-- Supplied information follows --
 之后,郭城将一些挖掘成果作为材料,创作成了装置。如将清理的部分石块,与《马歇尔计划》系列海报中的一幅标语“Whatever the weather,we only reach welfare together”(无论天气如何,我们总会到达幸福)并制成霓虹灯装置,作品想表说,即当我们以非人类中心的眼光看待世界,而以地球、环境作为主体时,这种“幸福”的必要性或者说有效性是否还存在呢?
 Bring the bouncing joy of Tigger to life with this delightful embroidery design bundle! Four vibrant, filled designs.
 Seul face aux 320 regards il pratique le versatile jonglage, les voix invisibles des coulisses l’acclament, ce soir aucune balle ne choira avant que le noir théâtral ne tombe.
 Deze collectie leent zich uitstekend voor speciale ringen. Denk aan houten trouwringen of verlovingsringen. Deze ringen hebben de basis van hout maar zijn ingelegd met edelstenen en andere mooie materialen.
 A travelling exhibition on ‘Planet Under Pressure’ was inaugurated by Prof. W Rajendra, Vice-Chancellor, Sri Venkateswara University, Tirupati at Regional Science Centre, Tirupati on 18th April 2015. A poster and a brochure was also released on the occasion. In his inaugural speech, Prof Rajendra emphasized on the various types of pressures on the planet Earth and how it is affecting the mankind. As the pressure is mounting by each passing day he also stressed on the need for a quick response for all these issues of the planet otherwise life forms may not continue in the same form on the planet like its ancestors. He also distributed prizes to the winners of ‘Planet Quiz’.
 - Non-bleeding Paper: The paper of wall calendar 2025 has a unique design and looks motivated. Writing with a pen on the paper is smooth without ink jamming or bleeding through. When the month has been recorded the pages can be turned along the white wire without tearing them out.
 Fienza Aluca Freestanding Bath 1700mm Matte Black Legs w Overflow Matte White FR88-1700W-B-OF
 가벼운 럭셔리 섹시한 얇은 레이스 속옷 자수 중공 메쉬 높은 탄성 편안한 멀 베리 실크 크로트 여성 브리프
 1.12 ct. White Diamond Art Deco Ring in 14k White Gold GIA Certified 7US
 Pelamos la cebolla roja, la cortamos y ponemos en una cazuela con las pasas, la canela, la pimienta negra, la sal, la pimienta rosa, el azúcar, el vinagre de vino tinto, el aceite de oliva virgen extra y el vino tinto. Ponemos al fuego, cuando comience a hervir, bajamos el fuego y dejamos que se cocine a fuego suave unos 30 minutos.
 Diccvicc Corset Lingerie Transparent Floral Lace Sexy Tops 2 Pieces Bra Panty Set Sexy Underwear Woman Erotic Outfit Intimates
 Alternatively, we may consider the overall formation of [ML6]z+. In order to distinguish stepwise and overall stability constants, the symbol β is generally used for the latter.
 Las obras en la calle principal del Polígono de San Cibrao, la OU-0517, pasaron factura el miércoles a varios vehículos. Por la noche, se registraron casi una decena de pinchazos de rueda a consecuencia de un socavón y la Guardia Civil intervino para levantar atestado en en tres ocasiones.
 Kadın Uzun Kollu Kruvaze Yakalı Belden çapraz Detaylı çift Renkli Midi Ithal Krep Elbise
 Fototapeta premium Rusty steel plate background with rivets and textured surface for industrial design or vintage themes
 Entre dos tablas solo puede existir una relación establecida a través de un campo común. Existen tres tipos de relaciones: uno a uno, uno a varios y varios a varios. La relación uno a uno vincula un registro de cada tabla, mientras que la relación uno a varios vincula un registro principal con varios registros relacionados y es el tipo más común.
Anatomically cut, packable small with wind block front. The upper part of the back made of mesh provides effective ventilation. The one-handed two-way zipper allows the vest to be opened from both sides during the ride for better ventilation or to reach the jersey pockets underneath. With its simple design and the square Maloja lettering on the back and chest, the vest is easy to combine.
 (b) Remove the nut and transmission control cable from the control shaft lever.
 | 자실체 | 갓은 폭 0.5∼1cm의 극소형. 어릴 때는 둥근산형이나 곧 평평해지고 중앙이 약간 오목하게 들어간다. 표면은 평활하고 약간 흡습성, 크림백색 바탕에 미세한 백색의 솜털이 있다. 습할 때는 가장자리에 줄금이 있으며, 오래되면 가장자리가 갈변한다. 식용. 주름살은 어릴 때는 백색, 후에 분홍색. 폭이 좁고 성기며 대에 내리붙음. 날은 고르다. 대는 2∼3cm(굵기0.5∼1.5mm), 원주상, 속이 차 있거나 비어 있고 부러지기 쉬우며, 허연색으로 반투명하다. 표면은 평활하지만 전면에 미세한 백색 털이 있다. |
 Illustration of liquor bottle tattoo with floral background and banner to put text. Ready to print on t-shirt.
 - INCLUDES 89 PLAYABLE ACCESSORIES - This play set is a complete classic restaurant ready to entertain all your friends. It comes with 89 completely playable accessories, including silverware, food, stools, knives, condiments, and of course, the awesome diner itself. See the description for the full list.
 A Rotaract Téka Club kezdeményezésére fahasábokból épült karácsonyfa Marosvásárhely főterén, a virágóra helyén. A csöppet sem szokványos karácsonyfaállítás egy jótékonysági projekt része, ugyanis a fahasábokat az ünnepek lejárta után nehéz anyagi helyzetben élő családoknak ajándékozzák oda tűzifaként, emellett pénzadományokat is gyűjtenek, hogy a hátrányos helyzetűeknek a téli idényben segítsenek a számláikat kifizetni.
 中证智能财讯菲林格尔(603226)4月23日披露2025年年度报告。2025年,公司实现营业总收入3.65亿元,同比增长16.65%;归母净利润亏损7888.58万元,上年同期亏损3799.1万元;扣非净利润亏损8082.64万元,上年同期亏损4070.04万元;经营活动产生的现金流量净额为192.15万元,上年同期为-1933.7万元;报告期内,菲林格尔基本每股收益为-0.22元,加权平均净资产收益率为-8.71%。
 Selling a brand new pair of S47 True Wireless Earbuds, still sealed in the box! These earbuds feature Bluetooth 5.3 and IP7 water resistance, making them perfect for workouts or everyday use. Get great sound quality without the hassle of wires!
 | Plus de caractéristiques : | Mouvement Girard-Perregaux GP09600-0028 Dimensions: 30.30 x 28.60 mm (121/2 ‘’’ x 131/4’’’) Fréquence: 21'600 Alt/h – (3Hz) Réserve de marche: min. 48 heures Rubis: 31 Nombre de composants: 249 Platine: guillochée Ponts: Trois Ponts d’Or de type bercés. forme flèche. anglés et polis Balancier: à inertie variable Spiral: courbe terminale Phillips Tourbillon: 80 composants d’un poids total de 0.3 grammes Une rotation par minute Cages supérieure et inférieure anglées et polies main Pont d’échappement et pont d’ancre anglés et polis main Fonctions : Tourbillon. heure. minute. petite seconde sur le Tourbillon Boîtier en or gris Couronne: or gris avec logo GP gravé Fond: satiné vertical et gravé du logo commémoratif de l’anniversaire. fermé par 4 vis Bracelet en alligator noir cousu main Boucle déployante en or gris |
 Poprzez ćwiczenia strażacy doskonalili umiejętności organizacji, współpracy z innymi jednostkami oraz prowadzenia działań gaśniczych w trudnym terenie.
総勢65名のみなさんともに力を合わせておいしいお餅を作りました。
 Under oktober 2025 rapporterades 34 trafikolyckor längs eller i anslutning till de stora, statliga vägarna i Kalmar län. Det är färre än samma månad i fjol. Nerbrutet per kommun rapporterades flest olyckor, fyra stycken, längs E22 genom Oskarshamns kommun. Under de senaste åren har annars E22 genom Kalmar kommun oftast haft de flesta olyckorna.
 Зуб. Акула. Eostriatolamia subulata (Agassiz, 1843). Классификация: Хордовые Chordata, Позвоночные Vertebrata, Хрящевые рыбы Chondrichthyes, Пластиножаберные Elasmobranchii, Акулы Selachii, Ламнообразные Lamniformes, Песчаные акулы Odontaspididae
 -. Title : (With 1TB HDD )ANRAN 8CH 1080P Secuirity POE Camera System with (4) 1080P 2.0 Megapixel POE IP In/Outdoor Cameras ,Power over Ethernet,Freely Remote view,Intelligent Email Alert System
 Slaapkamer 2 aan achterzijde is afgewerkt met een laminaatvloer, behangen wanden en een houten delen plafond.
-- Supplied information concluded --
▶ _Exercise description_: The required answer is the exact run of lines above starting at the line with "Anatomically cut, packable" and ending at the line with "(b) Remove the", with both ends present.

▶ _Response to the exercise_:
Anatomically cut, packable small with wind block front. The upper part of the back made of mesh provides effective ventilation. The one-handed two-way zipper allows the vest to be opened from both sides during the ride for better ventilation or to reach the jersey pockets underneath. With its simple design and the square Maloja lettering on the back and chest, the vest is easy to combine.
 (b) Remove the nut and transmission control cable from the control shaft lever.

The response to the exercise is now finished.